Read More: How social prescribing takes the strain off Newcastle's GPs and helps patients to transform their health and their lives

“The Health Foundation, which is a think tank, charity, that look at how we deliver and commission health in this country, looked at the expansion of medical workforce, specifically doctors across the NHS and in the last 20 years there was a doubling of secondary care and the number of GPs stood still.”

“General practice is not seen as an attractive career anymore. There is a lot of media context being said about general practice which is maybe the most negative that certainly I have seen in my career.”

Dr Slowie also described high rates of burnout among GPs and pension anomalies making it more financially viable for GPs to retire early rather than have their pensions penalised.

To make general practice more appealing in the area the group proposes to offer more flexible working conditions. The group secured funding for a flexible working hub for the next 24 months. All 29 practices within Gateshead are eligible for support for GPs, nurses, and administration staff.
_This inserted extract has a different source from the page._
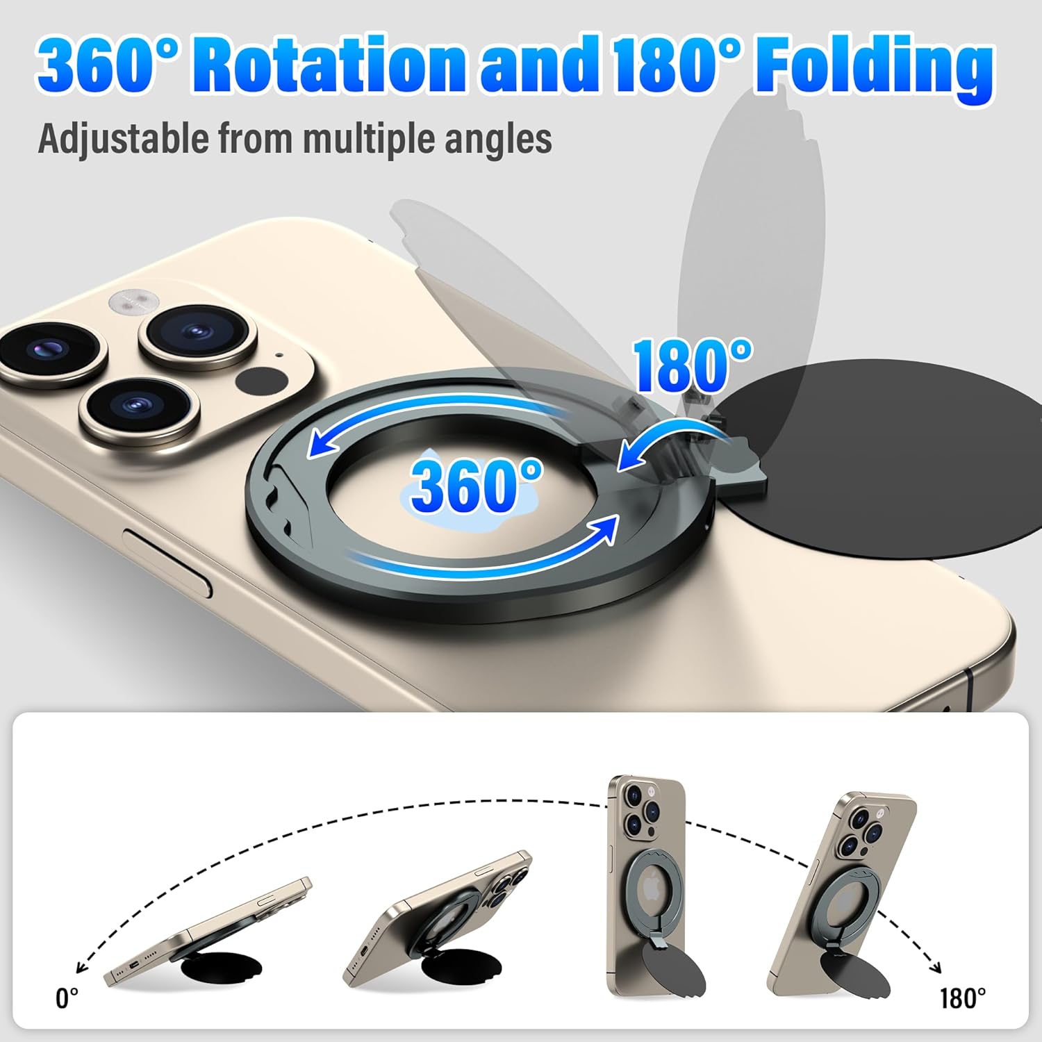 - ๐๐จ๐ฆ๐ฉ๐๐ญ๐ข๐๐ฅ๐ ๐ฐ๐ข๐ญ๐ก ๐๐ฅ๐ฅ ๐๐ก๐จ๐ง๐๐ฌ: This magsafe phone stand is directly compatible with iPhone 17/16/15/14/13/12 series and MagSafe phone cases. We also comes with a magnetic ring that provides the same strong magnetic fixation function for Non-MagSafe phones

This initiative has already been deemed a success by the group as several “skilled staff” signed up to the plan to help plug gaps in the workforce.

A five year plan is also under way to build links with regional medical schools and begin placement programmes and work experience in primary care.

Councillors were told pressure needs to be lifted from GPs with the help of other care providers, and informing the public GP appointments may not always be the best course of action and other resources and care providers are available such as pharmacists. This service would be the responsibility of care navigators.

Lamelsey councillor Jane McCoid asked how the group intends to combat the perception care navigators "don't know what they are talking about" and encourage more public trust in the role.

Lynn Paterson, portfolio lead, said any concerns raised by a care navigator would be passed to a health professional for consideration, although this would not always be a GP.

Preventative measures were also emphasised as an area of improvement by the group. Schools and communities require messaging about keeping well as opposed to reacting only to ill health.